Her uncompromising position on all facets of philosophy and the unaccomodating nature of her philosophy which she insists shouldn't be changed one bit (or it loses its philosophical sanctity) makes her an atheist equivalent of dogmatic religious priest.
Ayn Rand had a fascinating and controversial personal life, neatly captured by her disciple in a book which was later made into a movie "The Passion of Ayn Rand". Rand was married to Frank O'Connor, a Hollywood actor whom she met while trying to get a break as a writer in Hollywood. Although marred by allegations that her actions deeply troubled her husband, the relationship stayed on for a solid 50 years broken only by his death.
Riding high on the success of The Fountainhead, Rand came into touch with Nathaniel Branden, an ardent fan with whom she exchanged several mails and phonecalls. Branden finally visited her and her husband in 1950 along with his girl friend Barbara Weidman and soon all of them became close friends. Branden married Barbara shortly; meanwhile Branden contributed to the development of Atlas Shrugged immensely and also successfully publicized Rand's teachings through creation of Nathaniel Branden Institute (NBI).

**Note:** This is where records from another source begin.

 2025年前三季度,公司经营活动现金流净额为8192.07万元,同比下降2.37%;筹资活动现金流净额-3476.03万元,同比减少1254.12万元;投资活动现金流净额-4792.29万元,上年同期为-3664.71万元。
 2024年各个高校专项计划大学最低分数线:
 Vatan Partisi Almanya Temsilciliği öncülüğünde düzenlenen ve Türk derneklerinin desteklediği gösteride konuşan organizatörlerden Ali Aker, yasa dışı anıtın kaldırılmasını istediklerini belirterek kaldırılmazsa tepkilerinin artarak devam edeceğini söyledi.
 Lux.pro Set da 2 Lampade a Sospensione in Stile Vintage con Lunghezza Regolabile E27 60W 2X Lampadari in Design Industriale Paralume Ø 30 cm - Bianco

The special philosophic bond shared by the teacher-disciple soon veered towards a more mundane, rather amorous sphere. Rand began a love affair with Branden, 25 years her junior, after both extracted a reluctant approval from their spouses. (Yes ! You read that right !)
However, the relation wasn't smooth. Branden although on friendly terms with his wife Barbara, was sensing acute differences and having sorted that they must eventually break up, began dating another woman. Both decided to conceal these developments from Rand, given her passionate character, but she finally came to know this – she denounced both of them publicly. Branden, until then, the second-in-command and widely seen as Rand's successor in the Objectivist movement became a persona-non-grata within the movement and Rand's works thereafter contained the disclaimer that Branden was no longer a part of Objectivist movement. Barbara was thrown out too for having preserved the secret.

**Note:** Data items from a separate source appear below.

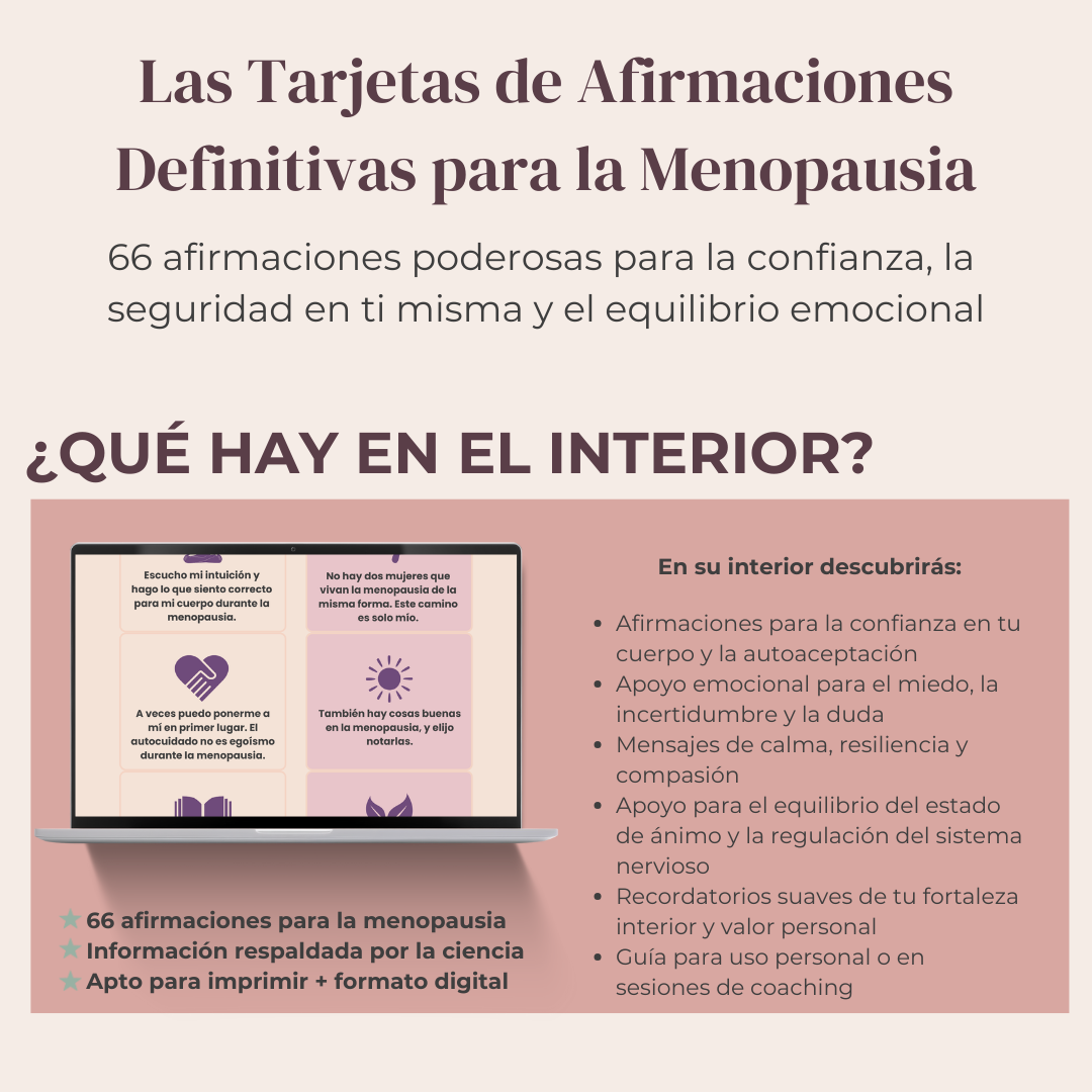 Las Tarjetas de Afirmaciones Definitivas para la Menopausia incluyen 66 afirmaciones cuidadosamente redactadas, específicas para esta etapa, diseñadas para apoyar a las mujeres a lo largo de los altos y bajos emocionales de la transición. Cada afirmación está creada para reconectarte con la sabiduría de tu cuerpo, calmar tu sistema nervioso y recordarte que sigues siendo completa, poderosa y profundamente valiosa.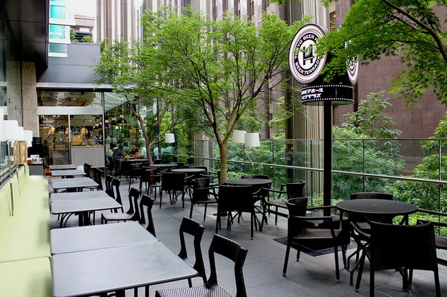 緑豊かな丸ノ内のオアシス、爽やかなテラスで味わうクラフトビールとシェフこだわりの遊び⼼溢れる ⼀品。 近隣のオフィスワーカーに愛されるイチヨン。 COEDOビールをはじめ、7種類の樽⽣ビールを お楽しみいただけます。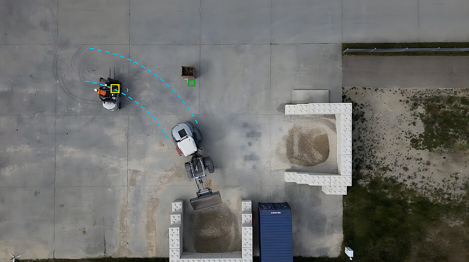 Da die Datenmenge allein für eine State-of-the-Art-Erkennung nicht ausreicht, enthält die »CAS«-Software von Bosch Rexroth einen leistungsfähigen Algorithmus, der für jede Fahrsituation die relevanten Objekte herausfiltert, um Falsch-Positiv-Meldungen auf ein Minimum zu begrenzen. Dies liegt zum einen an der gezielten Überwachung der relevanten Gefahrenbereiche und zum anderen an der präzisen Vorhersage der Fahrzeugbewegungen. Setzt etwa ein Radlader mit eingeschlagenem Lenkrad zurück, führen nur Objekte innerhalb des gebogenen Fahrkorridors zu Warnungen oder Verzögerungen.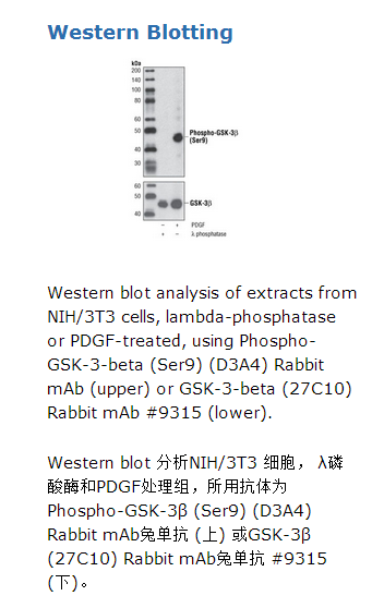 Phospho-GSK-3β (Ser9) (D3A4) Rabbit mAb兔单抗可以检测Ser9位点发生磷酸化GSK-3β 水平。单克隆抗体是采用合成的与人源GSK-3 β蛋白Ser9位点周围残基相对应的磷酸肽免疫动物生产的。糖原合酶激酶-3(GSK-3)最初被确认为是一种能在胰岛素的刺激下参与调节糖原合成的酶(1)。GSK-3是一个广泛表达的丝氨酸/苏氨酸蛋白激酶,可以磷酸化并抑制糖原合成酶的活性。GSK-3是PI3K/ Akt细胞存活通路上的一个关键下游分子,其活性可以被Akt介导的GSK-3α的Ser21位点和GSK-3β的Ser9位点的磷酸化抑制(2,3)。GSK-3不仅参与盘基网柄菌细胞命运的调控,而且是果蝇,爪蟾和哺乳动物发育过程中所需的Wnt信号通路的一个组成部分(4)。GSK-3还参与调节cyclin D1 蛋白降解和亚细胞定位(5)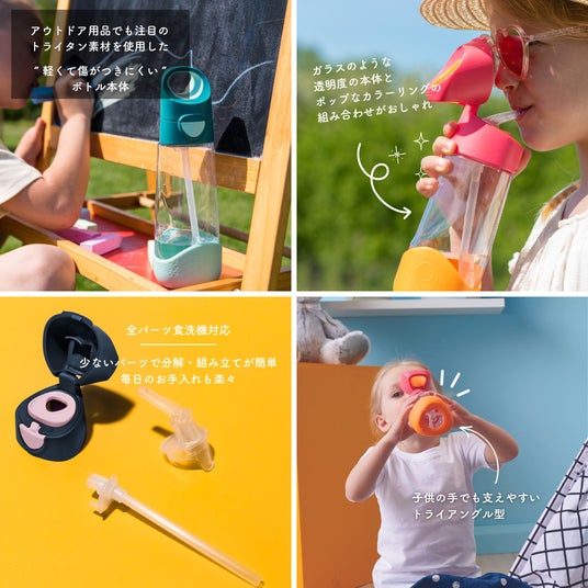 ワンプッシュで開く持ち手付きの蓋は、開け閉めが簡単。中のストローには角度がついていて、くわえやすく、飲みやすくなっています。シンプルなデザインで子供たちだけでなく、親子でも使っていただけます。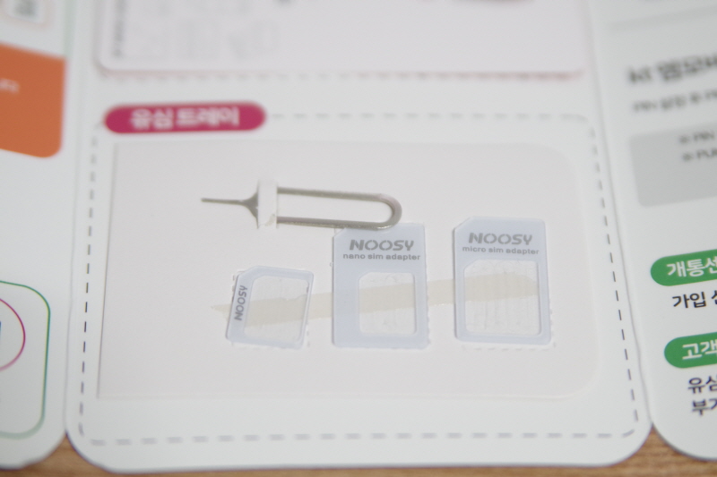 유심카드 내용물을 펼쳐본 모습. 유심 어댑터도 들어있고, 유심 트레이를 꺼내는 바늘같은 도구도 들어있다. 예전에 유심 어댑터? 같은걸 다이소에서 산 적이 있었는데 이렇게 같이 들어있으니까 편리하다.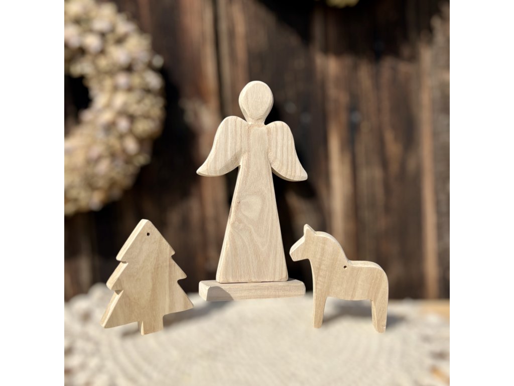 - 🎄 Stromeček – výška 11,7 cm, šířka 9,3 cm, síla dřeva 1,8–2 cm (stojící dekorace)

Barbara later went on to write The Passion of Ayn Rand where she reveals the real story behind the breakup (Rand when dissociating herself with both Branden and Barbara gave some incoherent explanations like their "philosophic irrationality" & "unresolved psychological problems".)
Although Rand and Branden never reconciled, Rand corresponded with Barbara later and even met her before her death. Branden although largely still appreciative of his mentor has come to criticize her philosophy which he now feels "encourages emotional repression and moralizing" and laments "her failure to appreciate adequately the importance of kindness in human relationships". Branden later became a pyschotherapist in his own right and has contributed much in that area.
All in all : a colorful life for a person whose philosophy was to a large extent monochromatic.
PS1 : Alan Greenspan who was Ayn Rand's disciple and part of her inner circle, later went on to become the 13th Chairman of the Federal Reserve.
PS 2: Telugu marxist writer Ranganayakamma of Ramayana Vishavruksham fame has some striking similarities with Ayn Rand. Ranganayakamma's writing style is supposed to clear, forceful and radical much like Rand. After divorcing her first husband, she started living with her disciple-turned-lover though they were never formally married.